Collected data entries
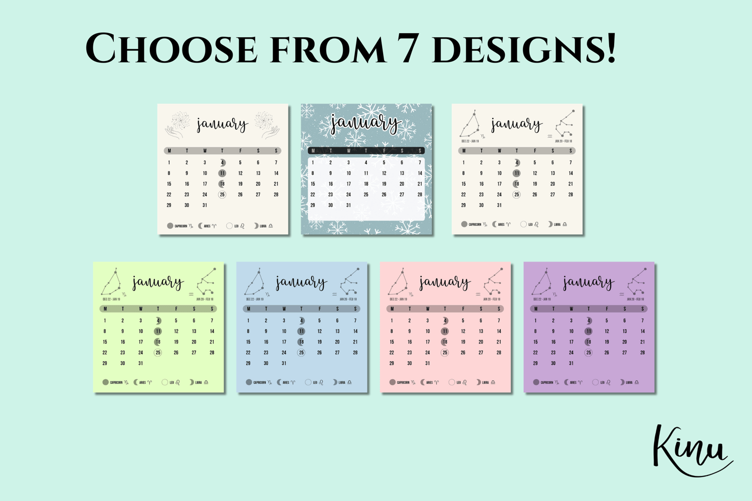 This calendar comes in two sizes: 3x3 and 4x4 inches, each in A4 and Letter formats ready to print. It also includes two versions: Monday or Sunday start.
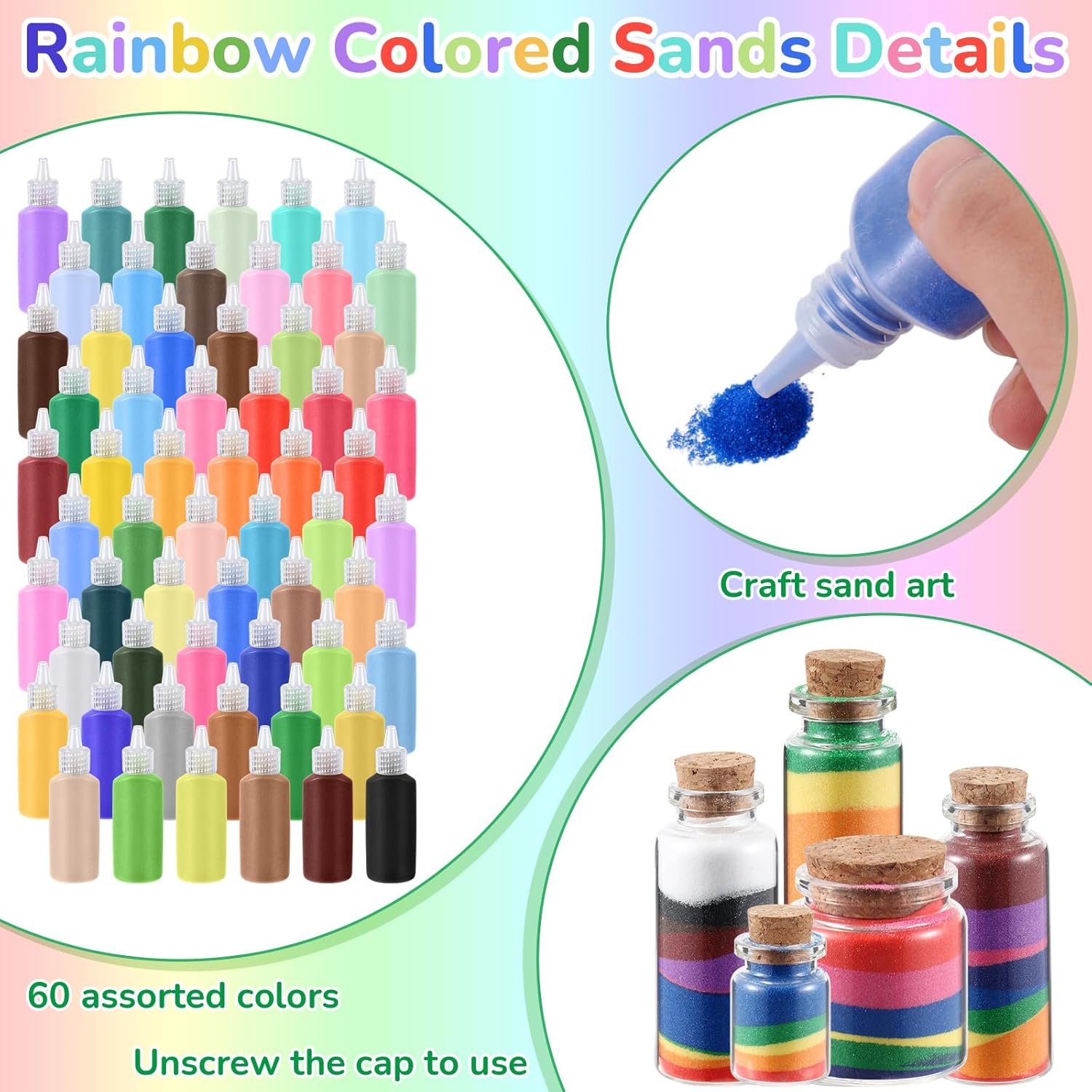 - 60 Vibrant Colors: this sand art kit offers a wide range of 60 different colors, 3 pcs of each color, 180 pcs in total, providing endless creative possibilities for adults alike
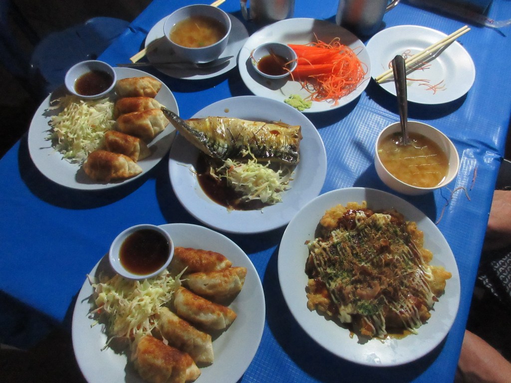 Valitsimme listalta misokeitot (vain 10b), annokset gyozoja, raputikkuja, paistettua makrillia sekä okonomiyakia. Lasku loistavasta illallisesta oli 190b eli noin viisi euroa. Kokemus oli muutenkin eksoottinen, sillä tällaisia annoksia emme olleet täällä ennen maistelleet.
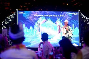 Wakil Direktur Utama Bank BTN Nixon LP Napitupulu bersama Direktur Consumer Bank BTN Hirwandi Gafar dan Kepala Divisi Non Nonsubsidized Lending Division (NSLD) Bank BTN, Iriska Dewayanti berbincang dengan para pengembang dalam acara 100 Billion Achievement KPR Non Subsidi bersama Mitra Developer di Nusa Dua, Bali, Kamis, 31 Maret 2022. Bank BTN mengajak para pengembang dengan bersinergi mendorong suksesnya program sejuta rumah guna mengurangi backlog perumahan yang mencapai angka 11 juta unit. Bank BTN juga memberikan kemudahan kepada para pengembang dengan meluncurkan aplikasi BTN for Developer dan suku bunga khusus untuk mendongkrak penjualan rumah.
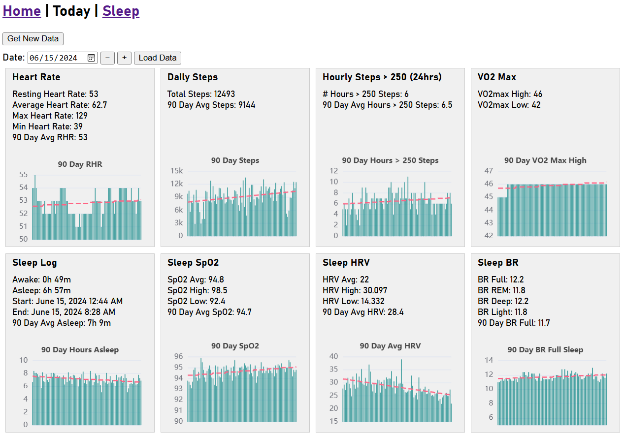 Access granular heart rate, SpO2, and other metrics recorded every few seconds instead of just daily averages.
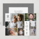 anpassad fotokollagekärlekjulnytt årlägg till dina 6 fotografiermodern rutnätslayouthögtidliga hälsningarfamiljens minneskortmonogram initial bokstavvitt och grått färgblock

EXERCISE
Print only the lines from the first line of the data above through the one containing "Valitsimme listalta misokeitot", exactly as they are, with pictures omitted.

SOLUTION TO THIS TASK
 This calendar comes in two sizes: 3x3 and 4x4 inches, each in A4 and Letter formats ready to print. It also includes two versions: Monday or Sunday start.
 - 60 Vibrant Colors: this sand art kit offers a wide range of 60 different colors, 3 pcs of each color, 180 pcs in total, providing endless creative possibilities for adults alike
 Valitsimme listalta misokeitot (vain 10b), annokset gyozoja, raputikkuja, paistettua makrillia sekä okonomiyakia. Lasku loistavasta illallisesta oli 190b eli noin viisi euroa. Kokemus oli muutenkin eksoottinen, sillä tällaisia annoksia emme olleet täällä ennen maistelleet.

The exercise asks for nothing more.